To be fair, though, they only found 147 of those convictions to be valid. They couldn't find the case files of the other 18. But those 147 that they could find all had "overwhelming" evidence of guilt. Every single one of them.

Forgive me if I don't find that reassurance terribly reassuring. I suspect the state's defense bar won't, either. It's just a little too convenient, unbelievably convenient, that of 147 convictions involving false or overstated blood evidence, not one single jury trial result would have been different without the problematic evidence. Having a little experience in what kind of evidence routinely comes in at trials and what prosecutors consider "overwhelming" evidence, I reject out of hand the claim that every single one of those 147 cases had overwhelming evidence even without the tainted evidence. It's just not possible. Would anyone take the Innocence Project at its word if they had conducted the review and found that all 147 convictions needed to be overturned? Of course not.

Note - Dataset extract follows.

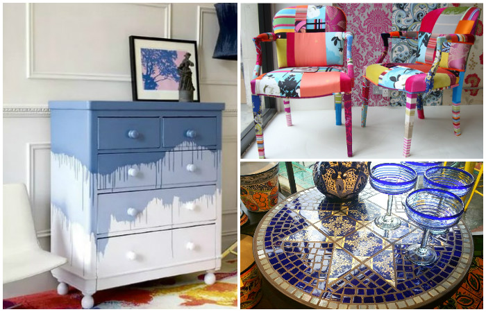 Множество ярких красок, даже не сочетающихся между собой — это все, что понадобится для преображения мебели в образец абстрактного искусства. Очистите мебель от старых лака и краска, загрунтуйте. Затем начинайте покрывать ее небольшими мазками разного цвета. Для удобства вначале нанесите первый цвет, затем второй и так далее. Чтобы оценить сочетаемость цветов, рекомендуем предварительно создать эскиз на куске плотного картона.

Surely AG Cooper and the Conference of District Attorneys don't really think they can sweep this mess under the rug like this.

3 comments:

Matt Brown said...

I suspect the people have already bought the bridge. Ain't nothing a good sweeping can't get under a big enough rug...

Jeff Gamso said...

I'm with Matt. Maybe if, say, the Governor said he didn't believe 147 out of 147 were not just righteous but overwhelmingly righteous, someone might pay attention.

But do they think they can sweep it under the rug? Absolutely. And they're probably right.

S said...

Come on, guys. I manage to write one semi-hopeful sentence on a day when optimism has felt awfully hard to come by and you've got to dash all my hopes? Within about an hour of me posting? ;)

I do know that my sister, a North Carolinian, isn't fooled. And based on the comments on that article, there are others like her. I just have to believe that the defense bar won't let this be the end of it.